→ **Source data**:
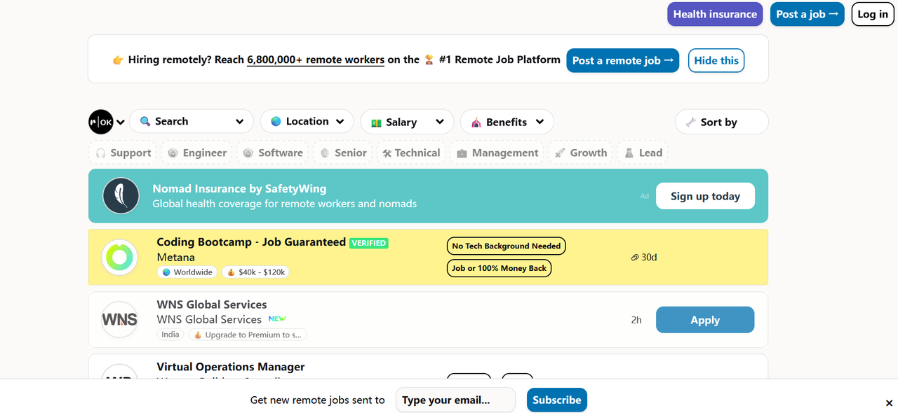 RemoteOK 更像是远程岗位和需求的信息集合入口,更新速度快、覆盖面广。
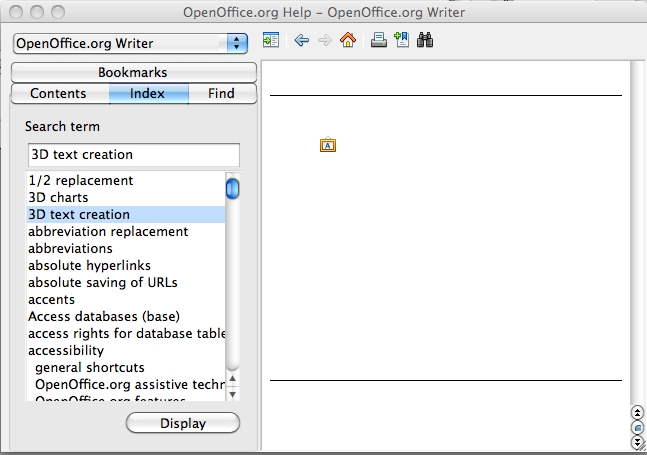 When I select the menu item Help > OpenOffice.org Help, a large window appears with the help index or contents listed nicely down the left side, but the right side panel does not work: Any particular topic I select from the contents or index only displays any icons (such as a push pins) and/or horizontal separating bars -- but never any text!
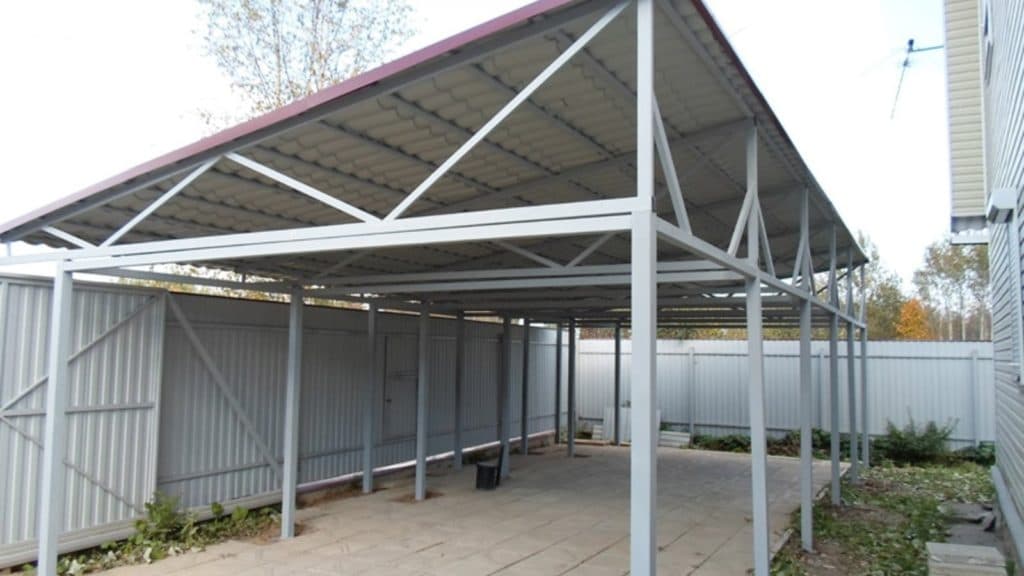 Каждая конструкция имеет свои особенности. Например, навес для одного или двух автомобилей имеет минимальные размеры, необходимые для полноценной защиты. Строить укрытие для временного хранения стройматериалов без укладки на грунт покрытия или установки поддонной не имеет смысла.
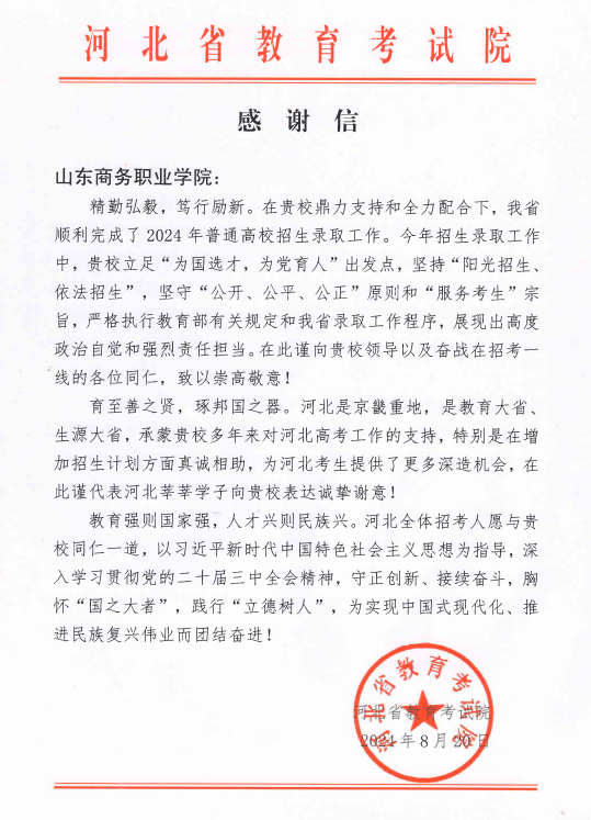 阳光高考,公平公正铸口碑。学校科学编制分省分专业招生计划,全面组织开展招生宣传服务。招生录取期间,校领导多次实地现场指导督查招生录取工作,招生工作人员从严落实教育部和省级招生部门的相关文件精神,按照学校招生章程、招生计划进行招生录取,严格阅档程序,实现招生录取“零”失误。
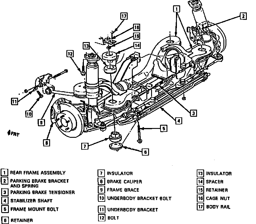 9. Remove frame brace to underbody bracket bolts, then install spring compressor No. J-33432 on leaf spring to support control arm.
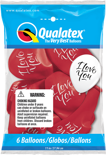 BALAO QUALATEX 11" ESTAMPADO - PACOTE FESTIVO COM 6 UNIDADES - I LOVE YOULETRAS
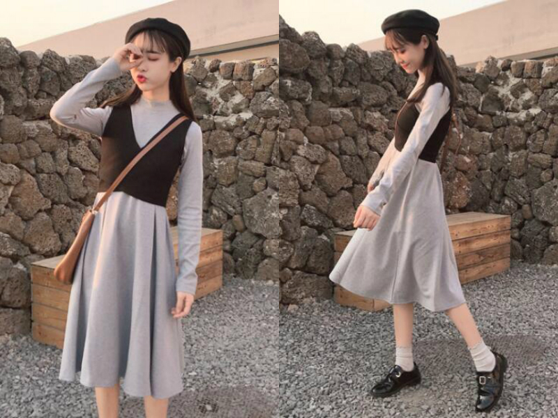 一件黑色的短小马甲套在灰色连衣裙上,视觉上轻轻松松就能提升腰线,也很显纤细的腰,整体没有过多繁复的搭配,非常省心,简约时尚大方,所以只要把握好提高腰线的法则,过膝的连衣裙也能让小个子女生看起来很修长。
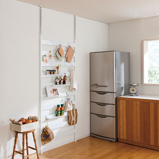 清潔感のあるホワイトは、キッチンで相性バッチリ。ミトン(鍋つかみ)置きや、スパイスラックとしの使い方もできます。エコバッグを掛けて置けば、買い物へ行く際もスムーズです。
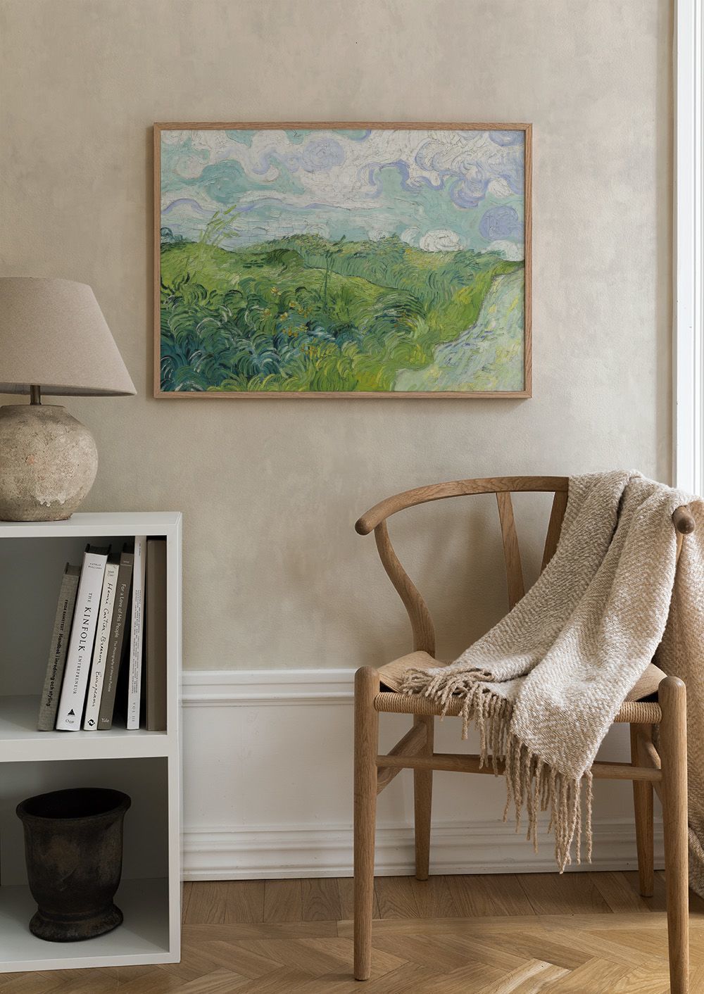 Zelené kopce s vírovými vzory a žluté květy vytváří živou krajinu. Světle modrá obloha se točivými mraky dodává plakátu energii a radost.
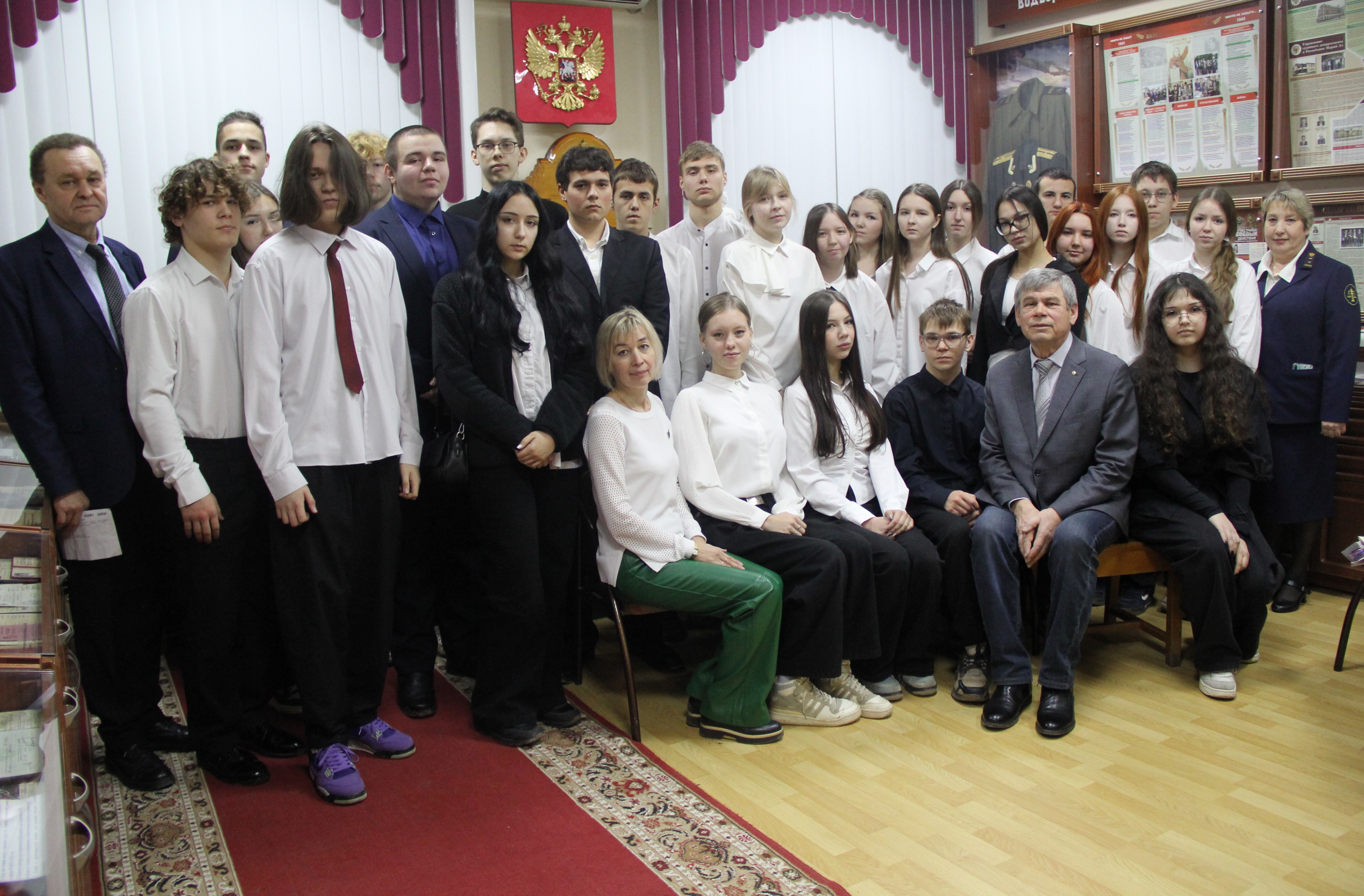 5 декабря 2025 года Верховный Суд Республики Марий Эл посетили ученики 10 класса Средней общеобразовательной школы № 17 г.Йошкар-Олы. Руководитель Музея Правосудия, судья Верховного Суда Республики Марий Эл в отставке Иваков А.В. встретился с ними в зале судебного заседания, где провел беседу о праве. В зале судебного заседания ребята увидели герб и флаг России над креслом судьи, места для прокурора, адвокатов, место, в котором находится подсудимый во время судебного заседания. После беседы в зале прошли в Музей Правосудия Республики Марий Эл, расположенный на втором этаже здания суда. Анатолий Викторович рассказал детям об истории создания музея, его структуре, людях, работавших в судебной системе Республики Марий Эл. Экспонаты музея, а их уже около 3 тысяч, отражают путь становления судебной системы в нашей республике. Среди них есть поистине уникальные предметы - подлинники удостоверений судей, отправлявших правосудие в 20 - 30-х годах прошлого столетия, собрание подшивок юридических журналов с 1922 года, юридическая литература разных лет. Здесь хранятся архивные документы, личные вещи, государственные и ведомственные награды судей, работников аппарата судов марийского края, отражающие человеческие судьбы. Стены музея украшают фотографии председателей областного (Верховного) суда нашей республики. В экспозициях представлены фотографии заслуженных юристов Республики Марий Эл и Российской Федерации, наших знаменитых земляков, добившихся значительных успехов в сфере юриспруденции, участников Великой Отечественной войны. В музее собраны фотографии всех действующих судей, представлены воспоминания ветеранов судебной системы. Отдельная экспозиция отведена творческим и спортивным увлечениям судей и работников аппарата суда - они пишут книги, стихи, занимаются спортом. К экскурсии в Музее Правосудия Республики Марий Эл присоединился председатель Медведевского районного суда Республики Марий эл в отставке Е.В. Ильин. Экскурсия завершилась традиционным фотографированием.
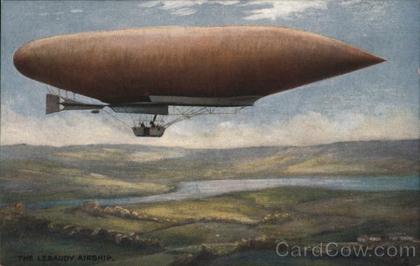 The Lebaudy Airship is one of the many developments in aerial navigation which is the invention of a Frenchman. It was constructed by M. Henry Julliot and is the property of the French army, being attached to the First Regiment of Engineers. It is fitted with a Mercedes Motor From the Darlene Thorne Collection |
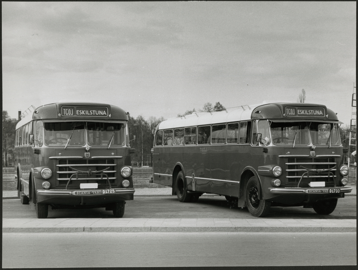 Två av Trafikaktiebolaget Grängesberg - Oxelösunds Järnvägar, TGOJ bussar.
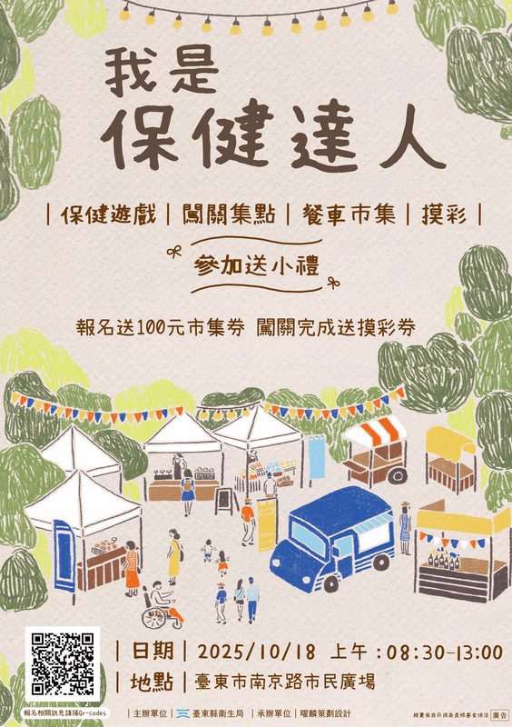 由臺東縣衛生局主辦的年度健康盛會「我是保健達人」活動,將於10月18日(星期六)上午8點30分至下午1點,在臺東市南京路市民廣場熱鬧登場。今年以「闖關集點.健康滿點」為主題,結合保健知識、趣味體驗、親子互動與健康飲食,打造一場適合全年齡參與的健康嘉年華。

→ **Exercise details**: Reproduce every record above exactly, but leave out the pictures.

→ **Result**:
 RemoteOK 更像是远程岗位和需求的信息集合入口,更新速度快、覆盖面广。
 When I select the menu item Help > OpenOffice.org Help, a large window appears with the help index or contents listed nicely down the left side, but the right side panel does not work: Any particular topic I select from the contents or index only displays any icons (such as a push pins) and/or horizontal separating bars -- but never any text!
 Каждая конструкция имеет свои особенности. Например, навес для одного или двух автомобилей имеет минимальные размеры, необходимые для полноценной защиты. Строить укрытие для временного хранения стройматериалов без укладки на грунт покрытия или установки поддонной не имеет смысла.
 阳光高考,公平公正铸口碑。学校科学编制分省分专业招生计划,全面组织开展招生宣传服务。招生录取期间,校领导多次实地现场指导督查招生录取工作,招生工作人员从严落实教育部和省级招生部门的相关文件精神,按照学校招生章程、招生计划进行招生录取,严格阅档程序,实现招生录取“零”失误。
 9. Remove frame brace to underbody bracket bolts, then install spring compressor No. J-33432 on leaf spring to support control arm.
 BALAO QUALATEX 11" ESTAMPADO - PACOTE FESTIVO COM 6 UNIDADES - I LOVE YOULETRAS
 一件黑色的短小马甲套在灰色连衣裙上,视觉上轻轻松松就能提升腰线,也很显纤细的腰,整体没有过多繁复的搭配,非常省心,简约时尚大方,所以只要把握好提高腰线的法则,过膝的连衣裙也能让小个子女生看起来很修长。
 清潔感のあるホワイトは、キッチンで相性バッチリ。ミトン(鍋つかみ)置きや、スパイスラックとしの使い方もできます。エコバッグを掛けて置けば、買い物へ行く際もスムーズです。
 Zelené kopce s vírovými vzory a žluté květy vytváří živou krajinu. Světle modrá obloha se točivými mraky dodává plakátu energii a radost.
 5 декабря 2025 года Верховный Суд Республики Марий Эл посетили ученики 10 класса Средней общеобразовательной школы № 17 г.Йошкар-Олы. Руководитель Музея Правосудия, судья Верховного Суда Республики Марий Эл в отставке Иваков А.В. встретился с ними в зале судебного заседания, где провел беседу о праве. В зале судебного заседания ребята увидели герб и флаг России над креслом судьи, места для прокурора, адвокатов, место, в котором находится подсудимый во время судебного заседания. После беседы в зале прошли в Музей Правосудия Республики Марий Эл, расположенный на втором этаже здания суда. Анатолий Викторович рассказал детям об истории создания музея, его структуре, людях, работавших в судебной системе Республики Марий Эл. Экспонаты музея, а их уже около 3 тысяч, отражают путь становления судебной системы в нашей республике. Среди них есть поистине уникальные предметы - подлинники удостоверений судей, отправлявших правосудие в 20 - 30-х годах прошлого столетия, собрание подшивок юридических журналов с 1922 года, юридическая литература разных лет. Здесь хранятся архивные документы, личные вещи, государственные и ведомственные награды судей, работников аппарата судов марийского края, отражающие человеческие судьбы. Стены музея украшают фотографии председателей областного (Верховного) суда нашей республики. В экспозициях представлены фотографии заслуженных юристов Республики Марий Эл и Российской Федерации, наших знаменитых земляков, добившихся значительных успехов в сфере юриспруденции, участников Великой Отечественной войны. В музее собраны фотографии всех действующих судей, представлены воспоминания ветеранов судебной системы. Отдельная экспозиция отведена творческим и спортивным увлечениям судей и работников аппарата суда - они пишут книги, стихи, занимаются спортом. К экскурсии в Музее Правосудия Республики Марий Эл присоединился председатель Медведевского районного суда Республики Марий эл в отставке Е.В. Ильин. Экскурсия завершилась традиционным фотографированием.
 The Lebaudy Airship is one of the many developments in aerial navigation which is the invention of a Frenchman. It was constructed by M. Henry Julliot and is the property of the French army, being attached to the First Regiment of Engineers. It is fitted with a Mercedes Motor From the Darlene Thorne Collection |
 Två av Trafikaktiebolaget Grängesberg - Oxelösunds Järnvägar, TGOJ bussar.
 由臺東縣衛生局主辦的年度健康盛會「我是保健達人」活動,將於10月18日(星期六)上午8點30分至下午1點,在臺東市南京路市民廣場熱鬧登場。今年以「闖關集點.健康滿點」為主題,結合保健知識、趣味體驗、親子互動與健康飲食,打造一場適合全年齡參與的健康嘉年華。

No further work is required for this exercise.